> TASK BRIEF:
Type the entries out again exactly as they read, but leave every picture behind.

> PROVIDED INFORMATION:
○ ○ ○ ○ ○ ○ ○

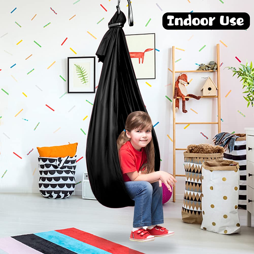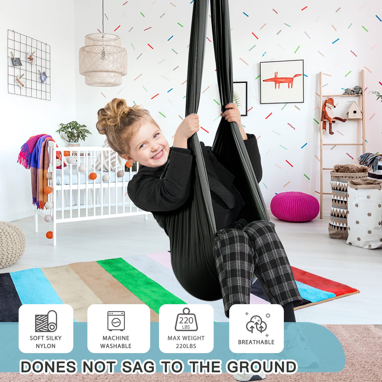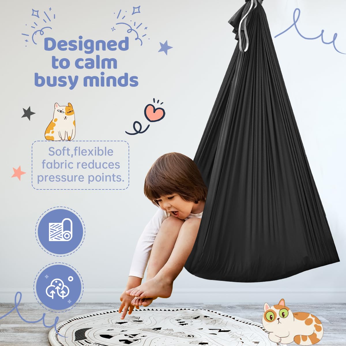 [SOFT SILKY NYLON]: This therapy swing is made of high quality material--soft & silk nylon. The fabric measures 110"L x 63W". Kids can sit and cocoon comfortably in the hammock with a sense of calmness. Our upgrade hammock can block out unwanted sensory stimulation.
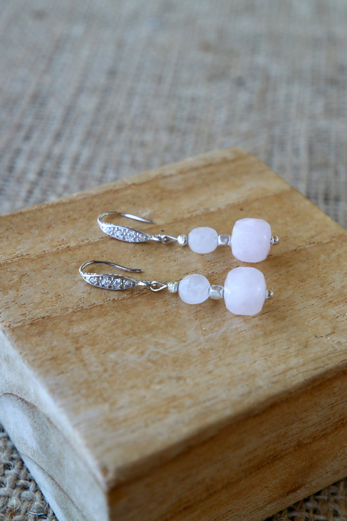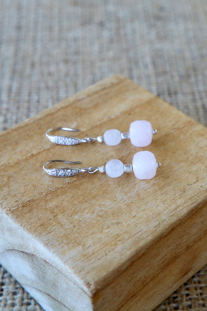 Ces boucles d’oreilles en quartz rose naturel facetté sont confectionnées à la main dans notre atelier, avec des pierres soigneusement taillées pour refléter la lumière avec élégance. Douces et féminines, elles apportent éclat et tendresse à toutes vos tenues.
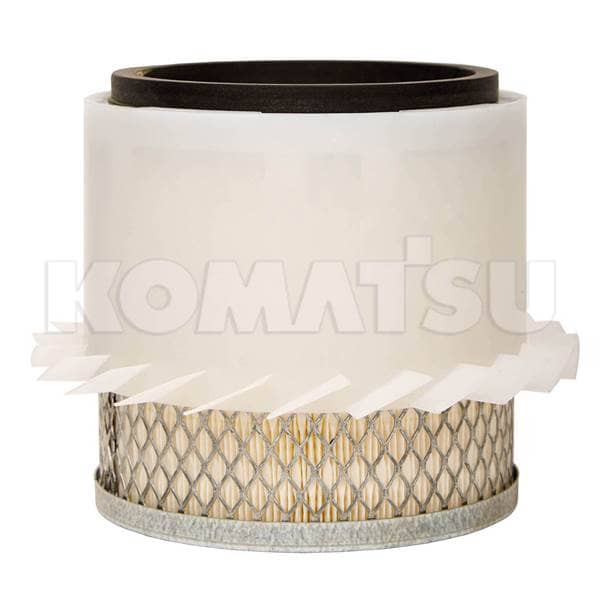 Cylindrical Air Filter with metal mesh and pleated paper element. Features metal rims and a black rubber gasket for sealing. Weighs 0.8696 kg. Designed to remove particulates from the air before it enters the engine or machinery.
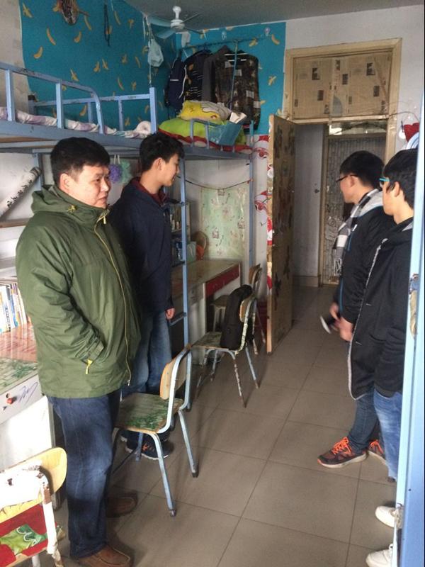 | 学工办主任郭松涛检查男生宿舍 |
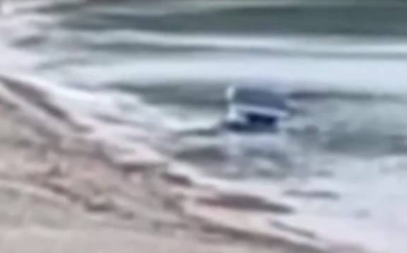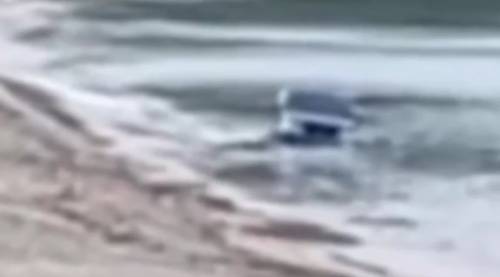 Все произошло на пляже во Врангеле. Что послужило толчком к принятию такого решения, непонятно. Но факт остается фактом - машина оказалась в море.

○ ○ ○ ○ ○ ○ ○

> EXERCISE RESPONSE:
 [SOFT SILKY NYLON]: This therapy swing is made of high quality material--soft & silk nylon. The fabric measures 110"L x 63W". Kids can sit and cocoon comfortably in the hammock with a sense of calmness. Our upgrade hammock can block out unwanted sensory stimulation.
 Ces boucles d’oreilles en quartz rose naturel facetté sont confectionnées à la main dans notre atelier, avec des pierres soigneusement taillées pour refléter la lumière avec élégance. Douces et féminines, elles apportent éclat et tendresse à toutes vos tenues.
 Cylindrical Air Filter with metal mesh and pleated paper element. Features metal rims and a black rubber gasket for sealing. Weighs 0.8696 kg. Designed to remove particulates from the air before it enters the engine or machinery.
 | 学工办主任郭松涛检查男生宿舍 |
 Все произошло на пляже во Врангеле. Что послужило толчком к принятию такого решения, непонятно. Но факт остается фактом - машина оказалась в море.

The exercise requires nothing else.